Page MenuHomePhabricator

Regression: Using Unicode Combining diacritics duplicates/replaces/adds unwanted characters
Closed, ResolvedPublic

Description

This is similar to T53472.

Some languages or writing systems require combining diacritics.
In theory most characters with diacritics can be input with combining diacritics, for example é (e + combining acute) is equivalent to é (eacute). For some combinations in some languages only the use of combining diacritics is possible, for exemple ɔ́ (open o + combining acute).

When typing or pasting text with combining diacritics the following occurs:

  • the first character after a combining diacritics is duplicated on a new line below the cursor.
  • pressing backspace pushes the characters after the first combining diacritics to that line below, the cursor jumps to the end of the newline and the first character that was duplicated jumps behind the cursor as well.
  • pressing backspace gets stuck a the combining diacritics, erasing the duplicated character last, after the characters that jumped and the line return but not erasing the combining diacritics and its base character.

For example, typing

té

is fine.
But typing other characters becomes:

tél
l

then

télévision
l

Pressing backspace with the cursor at the end of the first line:

té
élvisio

with the cursor before the o, but the next backspace will delete the o and the cursor jumps before the i.

The expected result should be the word "télévision" and pressing backspace should delete the character before the cursor or the character cluster before the cursor.

Event Timeline

Moyogo raised the priority of this task from to Needs Triage.
Moyogo updated the task description. (Show Details)
Moyogo added a project: VisualEditor.
Moyogo changed Security from none to None.
Moyogo subscribed.

I could see the issue for diacritics characters that are entered with Shift key(both in production and betalabs):

For example, using 'US extended' keyboard,

  1. type t, after t type e
  2. then use Option+Shift+e to apply an accent mark to e,
  3. type l (letter 'el')

tél
l

Then the letter l will be duplicated and placed on the next line. There will be some issues with deleting as described.

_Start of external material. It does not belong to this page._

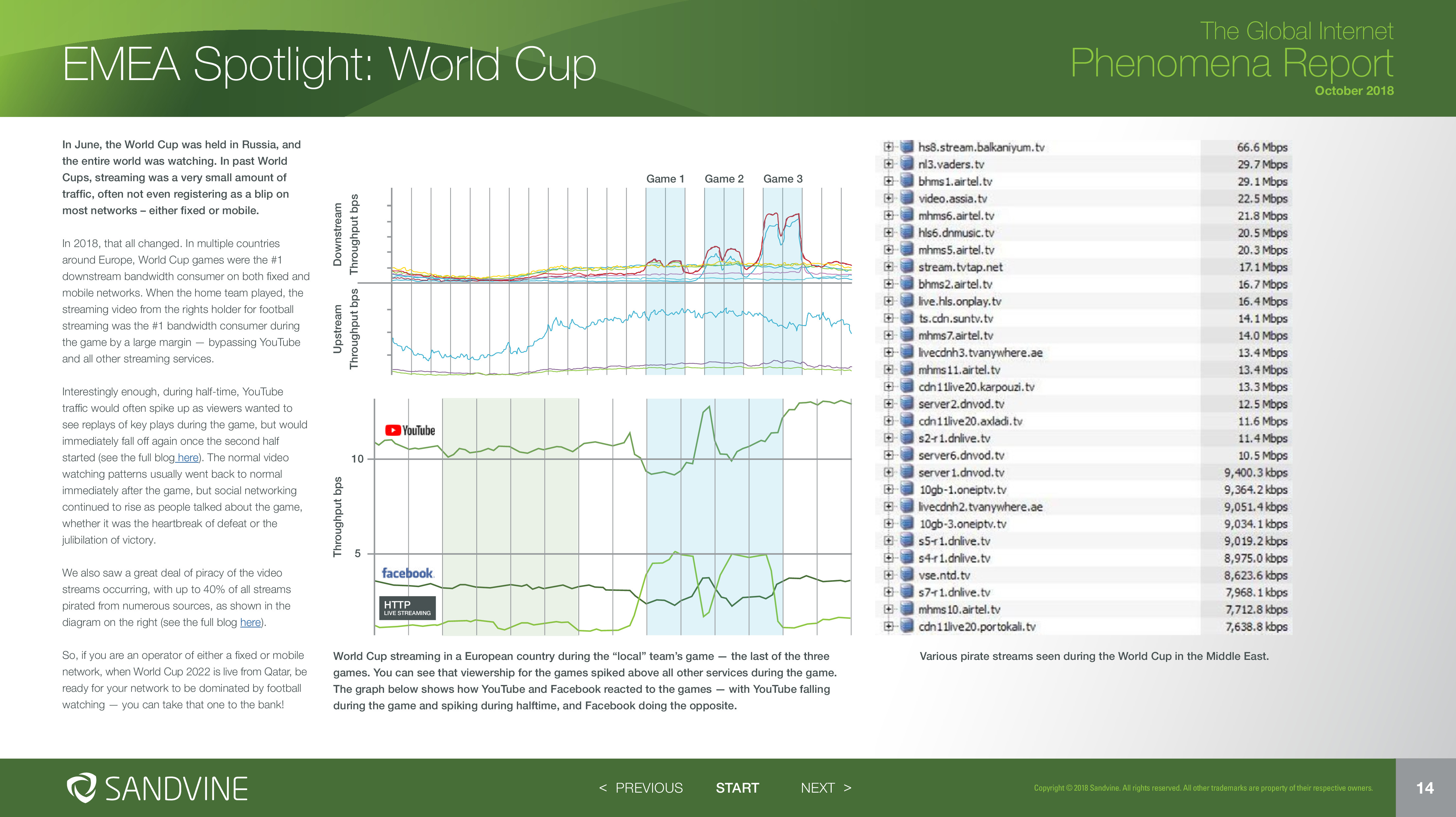 直播开始对网络产生明显影响。世界杯和超级碗是全球网络高峰的贡献者,超过了YouTube和其他视频应用。

Note: Entering so called precomposed diactrics characters does not seem to present an issue. Additional info at:
http://superuser.com/questions/339359/insert-a-character-with-multiple-accents-on-an-extended-mac-keyboard-layout

Moyogo updated the task description. (Show Details)

Change 451669 had a related patch set uploaded (by Bartosz Dziewoński; owner: Bartosz Dziewoński):
[VisualEditor/VisualEditor@master] [WIP] ve.dm.Document: Remove incorrect handling for combining characters in #fixupInsertion

https://gerrit.wikimedia.org/r/451669

If you want to test this and can't easily insert combining characters from the keyboard, here is a U+0301 Combining Acute Accent for your copy-paste convenience:

́

Tasks T182404 and T198719 may be duplicates of this bug (this needs to be tested).

Change 451669 merged by jenkins-bot:
[VisualEditor/VisualEditor@master] ve.dm.Document: Remove incorrect handling for combining characters in #fixupInsertion

https://gerrit.wikimedia.org/r/451669

matmarex claimed this task.
matmarex removed a project: Patch-For-Review.

Change 456507 had a related patch set uploaded (by Bartosz Dziewoński; owner: Bartosz Dziewoński):
[mediawiki/extensions/VisualEditor@master] Update VE core submodule to master (8097e44c1)

https://gerrit.wikimedia.org/r/456507

Change 456509 had a related patch set uploaded (by Jforrester; owner: Jforrester):
[mediawiki/extensions/VisualEditor@master] Update VE core submodule to master (8097e44c1)

https://gerrit.wikimedia.org/r/456509

Change 456509 abandoned by Jforrester:
Update VE core submodule to master (8097e44c1)

Reason:
Bartosz pushed Ieec61133d.

https://gerrit.wikimedia.org/r/456509

Change 456507 merged by jenkins-bot:
[mediawiki/extensions/VisualEditor@master] Update VE core submodule to master (8097e44c1)

https://gerrit.wikimedia.org/r/456507